This section reviews the architectural structure and the user interface operations of a Content Routing System. We then discuss some general approaches to query refinement and finish with a description of query routing.
A Content Routing System combines a large, distributed set of information providers into a single coherent framework. A Content Routing System consists of a hierarchical network (a directed acyclic graph) with conventional information providers at the leaves and content routers as mediating nodes. (See Figure 1.) The end-point information providers support query-based access to their documents. At a content router, a user may browse and query the information about providers registered at that content router as well as make use of the router's facilities for query refinement and routing. A content router may also provide access to conventional documents.
A content router registers an information provider, which may be another content router, using a compact description of that information provider's contents called a content label. A content label contains a query that is true of all documents available from the information provider. It also contains information that can be used for query refinement (see below). For example, the following is a simple content label query that says that every document at its server has a collection type of techreports, is from an institution named mit, and is from the department of electrical engineering and computer science:
(institution: mit) and (collection-type: techreports) and (department: electrical engineering and computer science)

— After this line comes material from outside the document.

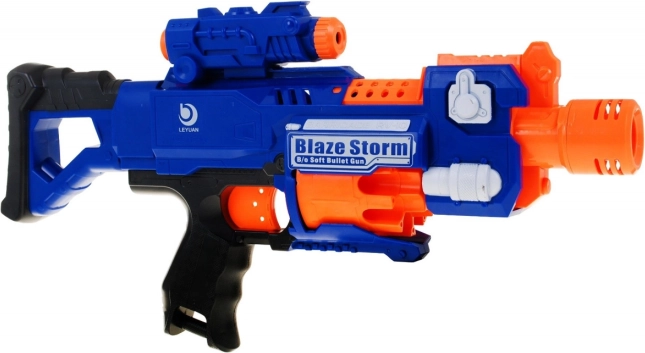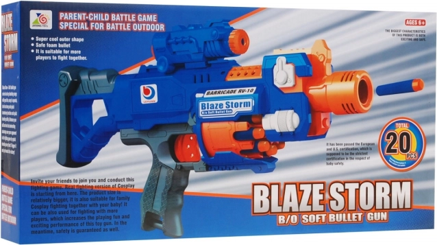 Geniet van actievolle fun met het elektrische kinderblasterpistool BLAZE STORM, dat zachte foamkogels afschiet. Biedt volledig automatische bediening, snelvuur tot 3 schoten per seconde, bereik rond 10 m en een afneembare kolf om te wisselen naar een compact pistool. Inclusief optisch vizier en 20 lange foamkogels voor veilig en leuk spel vanaf 8 jaar.

The precise structure of content labels is not specified by the Content Routing architecture, but is left to the information providers and content routers themselves. A content label may therefore be a simple predicate consisting only of the host name of the computer acting as the information provider. It may also be a disjunction of all the terms in all the documents at the information provider. We expect typical content labels to consist of a subset of the attributes derived from the indexed documents as well as value-added attributes that describe the collection of documents but may not occur in the documents themselves. A content router may restrict the form and size of the content labels it accepts from registering information providers. Constraining the size of content labels allow the system to scale, and may require an information provider to eliminate some terms from its content label.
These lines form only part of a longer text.